Participants were eligible for inclusion in the study if they were at least 18 years of age, not pregnant, and not breastfeeding. Individuals with various CVD risk factors and with known coronary artery disease (CAD) (prior infarction, percutaneous coronary intervention, coronary bypass surgery, or high coronary artery calcium score), were enrolled. Exclusion criteria included: use of long-acting nitrates or insulin, diagnosis of non-ischemic cardiomyopathy, known systemic inflammatory disease such as rheumatoid arthritis, skin sensitivity precluding use of electrocardiogram electrodes, infection in the preceding week or temperature > 38 °C, upper extremity pathology such as arteriovenous fistula or shunt, and participation in any other ongoing device or clinical trial. Participants were also excluded if they were unwilling or unable to: 1) fast for 6 hours  prior to each visit, 2) discontinue tobacco use 12 hours  prior to each study visit, 3) withhold all over-the-counter medications and supplements the morning of each visit, 4) refrain from exercise for 24 hours before each study visit, or 5) refrain from the use of the following medications for 7 days prior to study visits: vasoactive agents such as decongestants (e.g. pseudoephedrine), recreational drugs (e.g. marijuana, cocaine, amphetamines), or phosphodiesterase-5 inhibitors used in erectile dysfunction (e.g. sildenafil, vardenafil, tadalafil).

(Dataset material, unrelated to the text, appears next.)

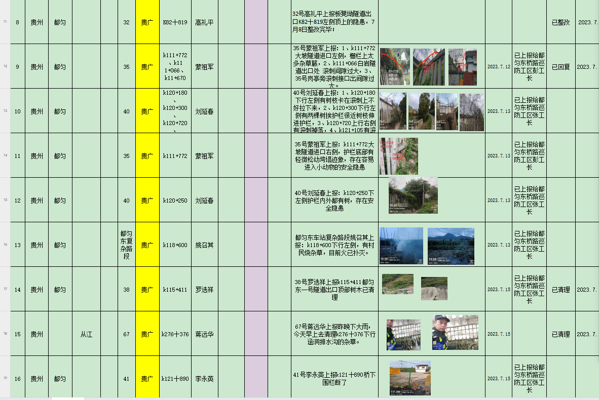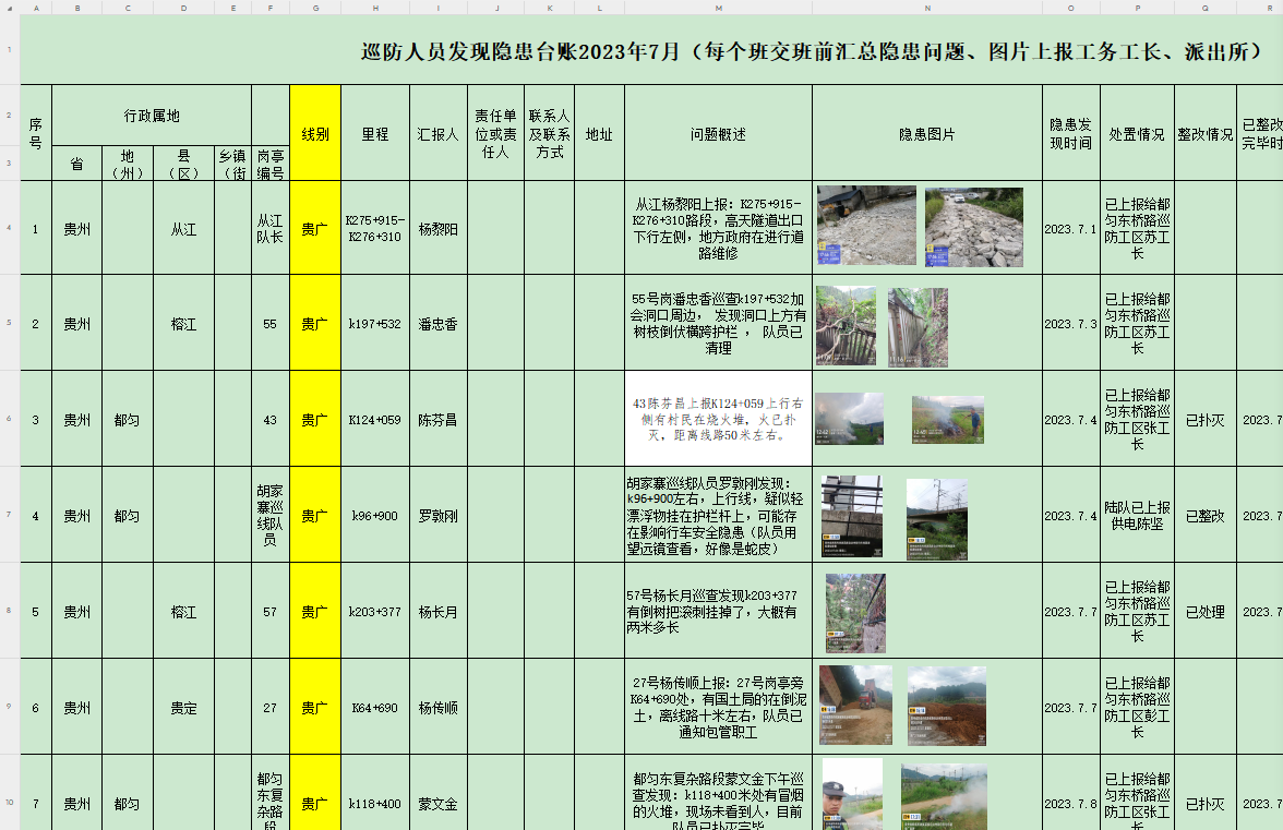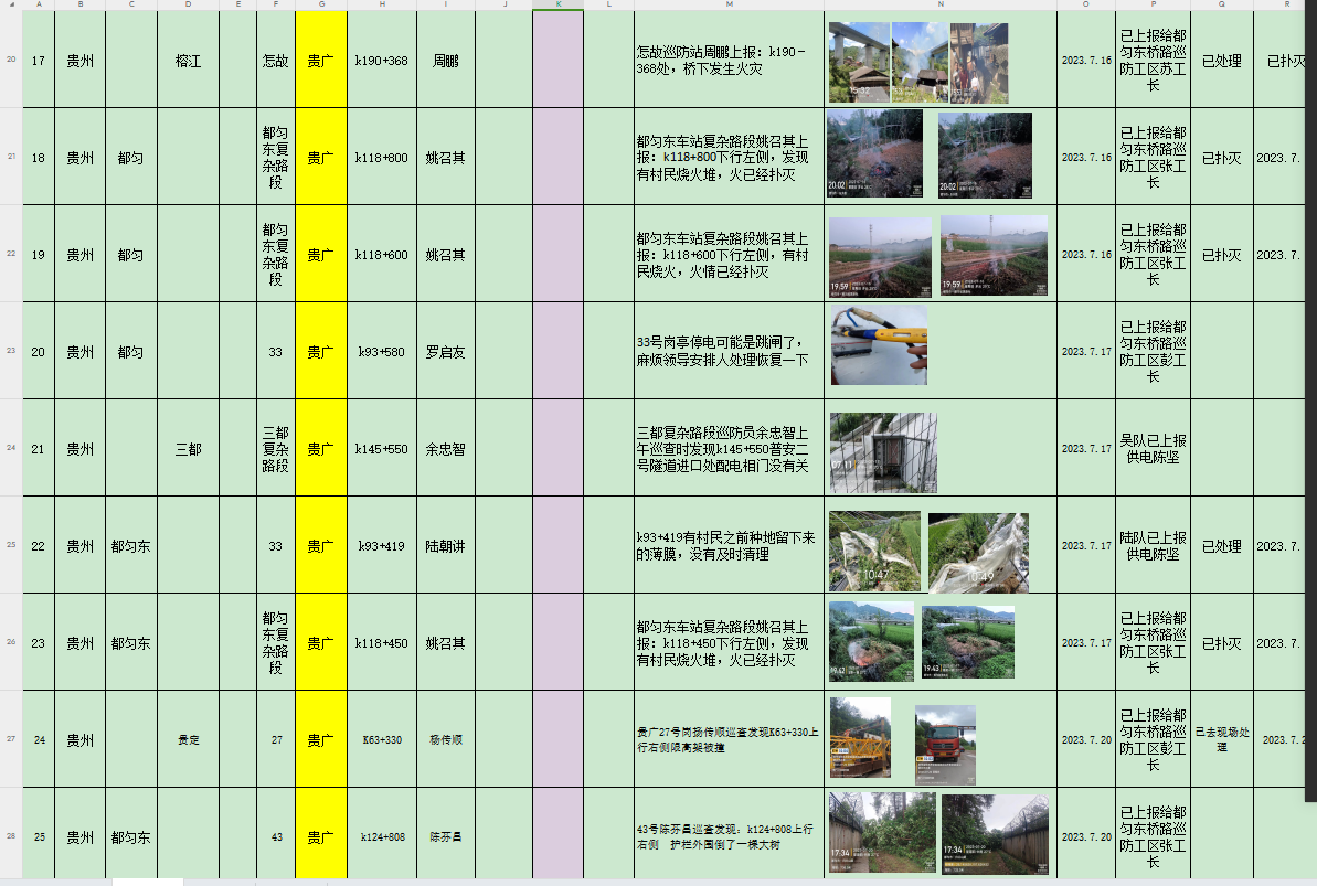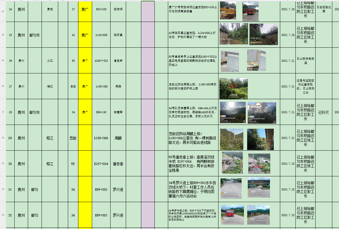 自7月以来,按照工务要求,根据公司安排和领导部署,对都匀东桥路车间所管辖的贵广客专线巡防人员的工作全面展开,对于铁路巡防安保工作的要求也是更加的严格,从上到下提高安保警惕意识,加大常态化巡防排查,严格按照高铁工务段对铁路巡防工作的相关指导要求,严格按照合同协议约定,结合线路实际情况,严格落实队员加大力度开展线路巡防安全巡查,对防洪期间进行针对性卡控及巡查。

2.2. Measuring the flow-mediated compliance response score

The device (SmartCuff™, Cordex Medical Systems) uses the platform of segmental plethysmography and oscillometry through a novel proprietary algorithm to quantify repeated instantaneous measurements of arterial compliance taken at a baseline condition and following a 5-minute reactive hyperemia condition. The device provides arterial compliance measurements over the entire transmural pressure range where the artery diameter spans from complete collapse to fully open. Using fundamentals of segmental plethysmography [31] and oscillometry [32], the blood pressure cuff is converted into a calibrated volume sensor providing accurate arterial compliance values in response to the cumulative shear stimulus [33]. The area between the two curves (Fig. 2) in the positive arterial transmural pressure range is calculated and is displayed as a metric referred to as the FCR.

Fig. 2.

Fig. 2

Baseline and hyperemia arterial compliance curves. The area in gold color between the two curves in the positive arterial transmural pressure range represents the FCR.

2.3. Assessment of FCR repeatability

To clinically validate the FCR score reproducibility, a cohort of 20 of the participants underwent a series of SmartCuff™ measurements at 0, 45, and 90 min. Descriptive statistics and the intra-subject, intra-day coefficient of variation was calculated from the three FCR scores. The same guidelines for fasting, avoiding drugs with nitrates, not smoking, and avoiding exercise were used for the repeatability testing. The within-subject standard deviation (SD) was used to estimate the repeatability of the intra-day measurements. To estimate the within-subject SD, we fit a one-way analysis of variance (ANOVA) model to the data containing the repeat measurements made on participants.

2.4. Baseline data and FCR measurements

Eligible participants were invited for two visits separated by 1–7 days. At visit 1, an initial screening was completed. Compliance with pre-visit instructions on diet, medications, smoking, and activity were reviewed. Anthropometric data including height, weight, and waist circumference were obtained and a blood draw was performed to obtain fasting lipids and glucose. Smoking status in the past 12 hours was assessed using a carbon monoxide breath analyzer. Participants then underwent FCR measurements using the SmartCuff™. At visit 2, participants completed a six-minute walk test [34] as an objective measure of fitness.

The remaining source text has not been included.